As of November 23, 2024 the run.sh endpoints have been modified to meet the requirements of the refactored STELAR API to be released in early December 2024.

requirements.txt

Inside this file any python libaries should be declared in order to be installed in the tool image when it is built. You may include libraries in the following way:

minio
requests
numpy==2.1.2

The requirements.txt can be seen as any plain requirements setting file present in the vast majority of Python projects.

main.py

The main.py file is the central component responsible for initiating the tool's execution. You may imagine this as tool.py. It serves as the entry point for running the program, containing all essential logic and any necessary configurations for the tool's behavior.

  • Custom and Explicit Structure: main.py is designed with a clear and custom structure to explicitly define the workflow of the tool. It ensures that the program’s core functionality is readable, maintainable, and logically organized.
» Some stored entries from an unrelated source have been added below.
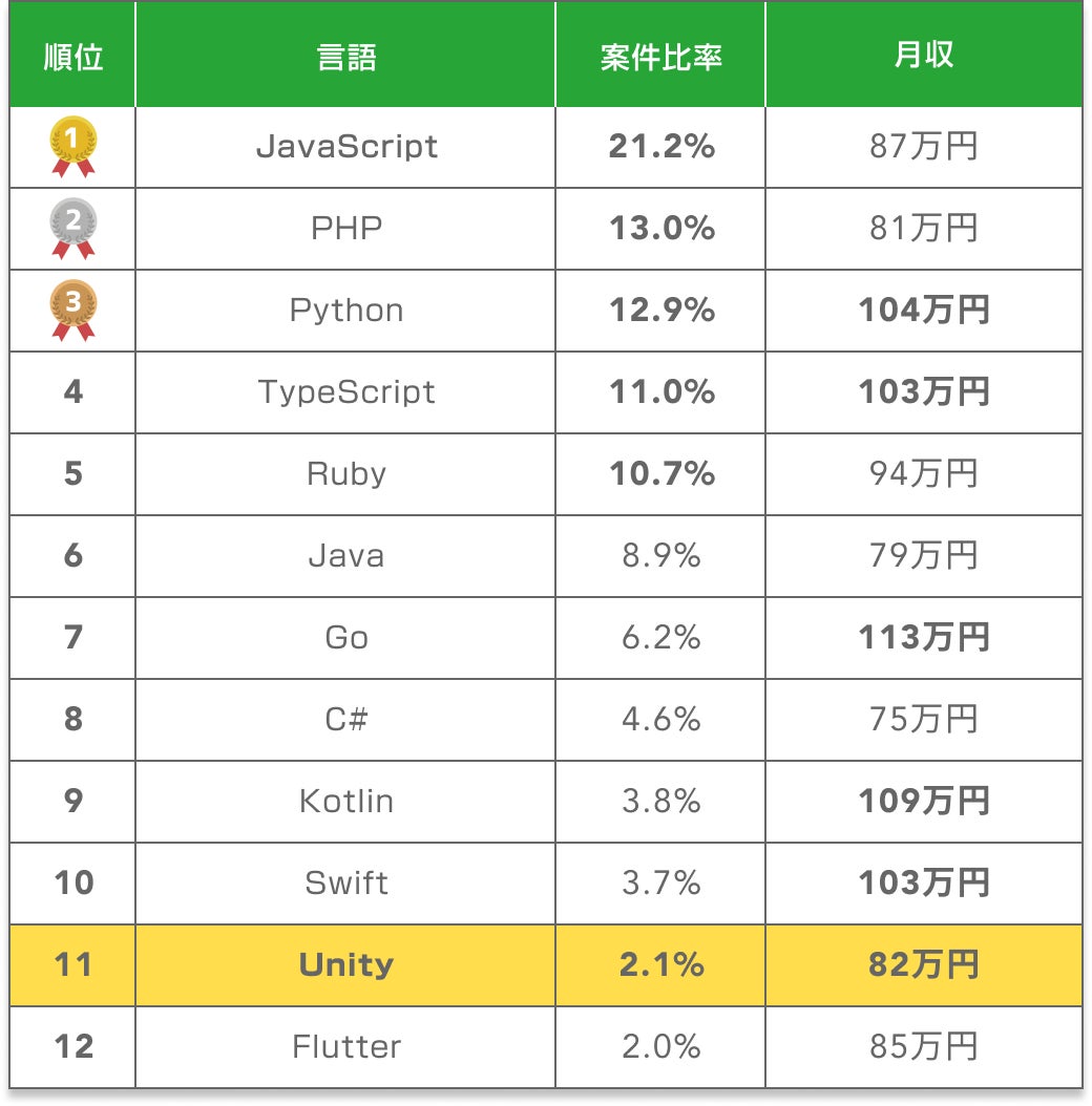 Unityの案件数は全体の案件数の2.1%を占めており、これは案件数ランキングで11位に相当します。この数字は、Unityが比較的需要のある開発環境であることを示していますが、トップ10には入っていないことから、主流の言語やフレームワークほどの案件数ではないことがわかります。
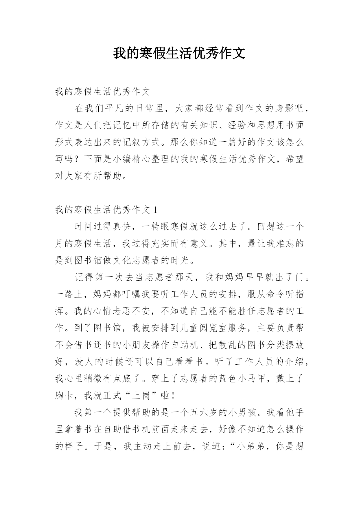 我的寒假生活优秀作文我的寒假生活优秀作文在我们平凡的日常里,大家都经常看到作文的身影吧,作文是人们把记忆中所存储的有关知识、经验和思想用书面形式表达出来的记叙方式。那么你知道一篇好的作文该怎么写吗?下面是小编精心整理的我的寒假生活优秀作文,希望对大家有所帮助。我的寒假生活优秀作文1时间过得真快,一转眼寒假就这么过去了。回想这一个月的寒假生活,我过得充实而有意义。其中,最让我难忘的是到图书馆做文化志愿者的时光。记得第一次去当志愿者那天,我和妈妈早早就出了门。一路上,妈妈都叮嘱我要听工作人员的安排,服从命令听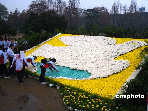 2007年12月13日是“南京大屠殺”70周年紀念日。12月12日,南京人民為寄托對南京大屠殺遇難同胞的衷思,他們用菊花在南京玄武湖環(huán)湖路明鏡廣場組成一只巨型和平鴿!昂推进潯泵娣e達70平方米,象征南京大屠殺遇難同胞70周年忌日;用25550支菊花,寄托著70周年的25550天對遇難同胞的哀思;振翅起飛的和平鴿,寓意中國人民向往和平的美好心愿。圖為一群學生在用菊花拼和平鴿。中新社發(fā) 谷昌旺 攝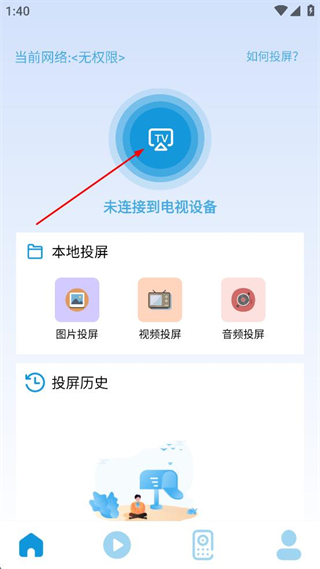 1、打开投屏应用,点击界面中的TV图标,开始搜索可连接的电视设备。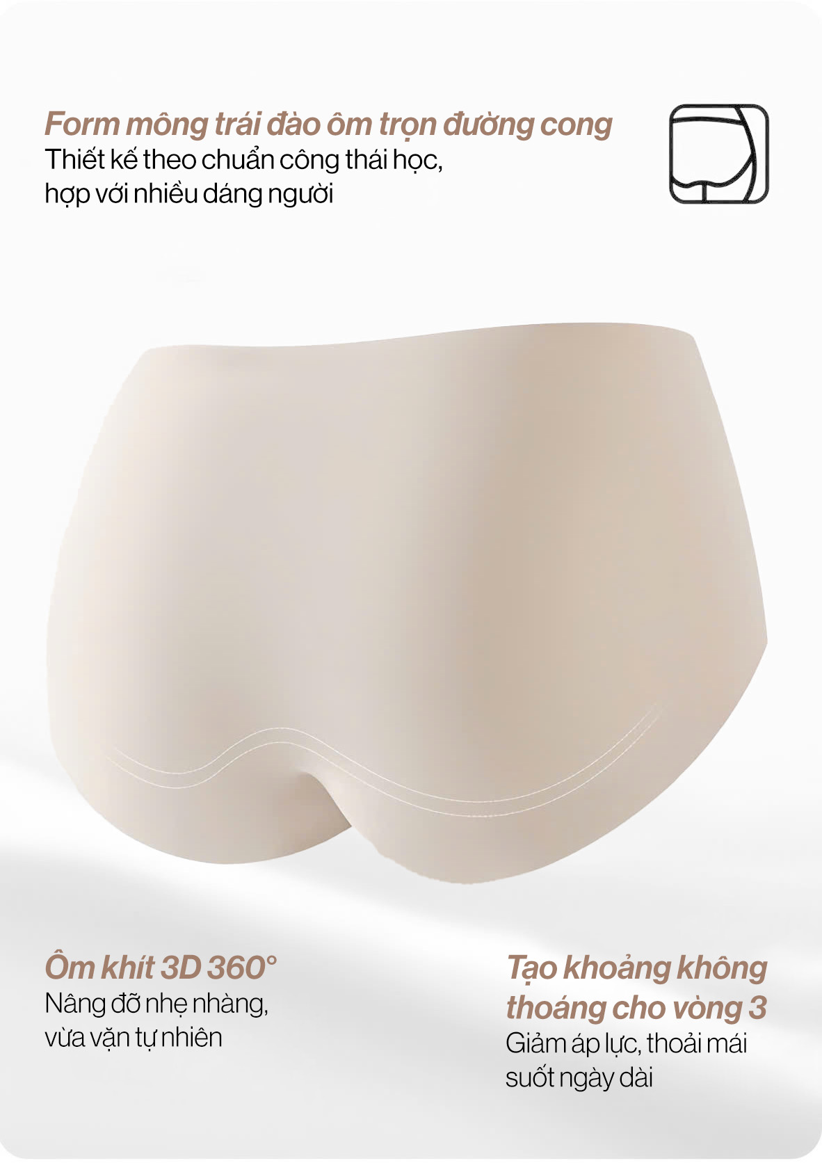 Thiết kế không viền → mặc đồ ôm sát (jum, đầm body, gym, yoga, bơi lội) vẫn tự tin không lo lộ dấu hằn.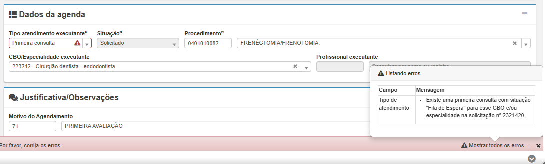 Na versão v25.02.13 e anteriores, apenas o campo de justificativa é obrigatório no sistema. No entanto, recomenda-se preencher também, pelo menos, o campo de motivo do agendamento e o CID. Esse preenchimento completo contribui para maior agilidade no processo, evitando que a solicitação seja devolvida com pendências pela equipe da Central de Regulação, o que pode atrasar o atendimento ao paciente. Para melhorar esse fluxo, será aberto um chamado solicitando a customização deste módulo no sistema, tornando esses campos obrigatórios.

  • Imports Needed Tool .py Files: The script also imports various Python files (.py) that contain supplementary functions, modules, or classes required by the tool. This modular approach facilitates better organization and reusability of code.

From a technical scope the main.py consists of a single specified method that can host the tool source (run(json)). The structure is briefly explained in the below pseudocode block:

def run(json):
	
	#Any tool specific code can go in here
	#Method and libraries can be also defined and imported.
...

if __name__='__main__':

	json = read from sys.argv[1]
	...
	response = run(json)
	...
    write to sys.argv[2]	

run(json) method has an argument json and must return a result in JSON form as shown below at sys.argv[2].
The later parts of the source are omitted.